# What weight do you use for skull crushers?



## dazsmith69 (Oct 29, 2009)

A great exercise for the triceps,

what sort of progression should be made with this exercise, or what would you class as good progression?

Im currently on 27.5kgs either side with a 10kg EZ bar for 6, but really struggling to up the weight with good form.

Any pointers? what sort of weight do you guys do for this?

The inner tricep is one of the muscles i want to add alot of mass too, and find this exercise great for it.

Cheers Darren


----------



## Reach. (Dec 7, 2009)

65kg? That is a LOT of weight! I bench over 150kg but struggle getting 50kg up for 5 reps on skulls!

Do you bring it down and touch your forehead or do you bring it down behind you head (that's easier as you can use lats and shoulders )

If you're struggling to increase the weight, try adding some heay weighted dips to your routine.


----------



## DB (Oct 31, 2003)

not really one u can compare weight on as everyone does them different ways.. i personally use about 20-25kg on each end..

u can see in my profile my tri's aint too bad


----------



## H22civic (Oct 6, 2009)

I dont go mega heavy on these either. Usually about 50kgs including the bar for 8 strict reps. Its one of those exercises for me that if i dont keep strict, i really dont feel it much in the muscle or have much muscle soreness the day/s after. Ive tried using more weight with slightly looser form but it just dosnt do the job for me.


----------



## dazsmith69 (Oct 29, 2009)

cheers for the replies guys

yeah go to head with elbows in the same place, see too many guys doing what looks like a pullover instead of isolating the tri's.

Daz


----------



## rodrigo (Jun 29, 2009)

i am at 40kg and an EZ


----------



## rodrigo (Jun 29, 2009)

rodrigo said:


> i am at 40kg and an EZ


 FOOK IT TRY AGAIN :cursing: i am at 40kg and the EZ curl bar for strict reps , tried to up it last night to 45 kg and form went out the window


----------



## Smitch (Dec 29, 2008)

I do 8 reps with the EZ bar plus 30kg.


----------



## Dagman72 (Apr 2, 2009)

Also a lot of people let there elbows flare out to the side to much.


----------



## IanStu (Apr 12, 2009)

well I do very good form with 35k for 8....I can do 40 for 5/6 but the form is sh!te....cant make my mind up whether the form or the weight is more important on this lift!!!


----------



## dazsmith69 (Oct 29, 2009)

yeah i really want my inner triceps to really bulk out and find this a great exercise for a pump on them, can really feel it the day after.

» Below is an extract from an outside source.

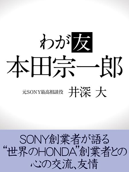 その井深氏が、心の友であり、〝世界のHONDA〟を築いた稀代の経営者、本田宗一郎氏の人間的魅力、経営者としての生き方について大いに語る。

I always lie a bench parallel with the mirror to make sure my form is spot on if i havent got a spotter


----------



## ant.lewis (Oct 26, 2008)

45kg + bar for 3 sets of 10, strict style elbows in, anymore weight knacks my form and puts lots of stress on my elbow joints making them sore for days. I use cable extensions as a complimentary exercise an I f**kin luves um.


----------



## strange_days (Aug 6, 2009)

A great excercise for inner tricep is underhand grip cable pull down. Really feel it in the inner tri's.


----------



## Rambo55 (Jun 14, 2009)

inner tricep???????????? :laugh::laugh::laugh::laugh::laugh::laugh:


----------